Jay Williams attempts a comeback every summer it seems. I'll believe it when I see it. I have his Chicago Bulls Jersey from his 1 and only season though. I had high hopes for the kid.


----------



## BG7

I saw the guy on ESPN U announcing the FIU vs. UNC game.


----------



## answerwu2008

CBA gonna start the new season, but, i never seek out williams in any team.


----------



## TM

he's doin the ESPN college basketball stuff


----------



## clownskull

yeh, the dummy ruined his career by violating his contract. i still to this day cannot believe the bulls gave him a dime after that. they should have voided his contract immediately.


----------



## Hyperion

clownskull said:


> yeh, the dummy ruined his career by violating his contract. i still to this day cannot believe the bulls gave him a dime after that. they should have voided his contract immediately.
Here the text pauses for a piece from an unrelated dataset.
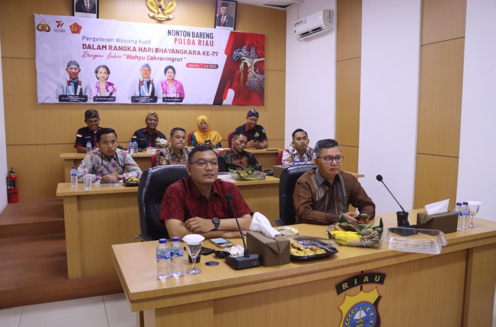 Kegiatan nonton bareng wayang kulit gelaran Mabes Polri yang merupakan rangkaian Hari Bhayangkara Ke – 77 Tahun 2023 berlangsung di Ruang Command Center Lantai II Polres Dumai Jalan Jendral Sudirman No. 01 Kelurahan Buluh Kasap Kecamatan Dumai Timur, Jumat (7/7/2023) malam.

Yeah, they gave him almost the entirety of his rookie contract. I guess because they were making so much money off the team at the time, they felt bad. He won't come back ever. He's already 28 and there's a glut of good ballhandlers in the NBA now.


----------



## GNG

answerwu2008 said:


> if he can keep health, he could be the all-star PG,just like Kidd


Yeah ok.

It's not a question of whether he can "keep his health." His "health" is long gone. In that motorcycle accident, he suffered major nerve damage in his leg, broke his pelvis and tore three knee ligaments. He'll never be the same.

Any one of those injuries by itself could be a career-ender. Williams got all three, self-inflicted no less.

And he had a mediocre rookie year by any statistical standard. His rookie stats look like Mike Conley's.


----------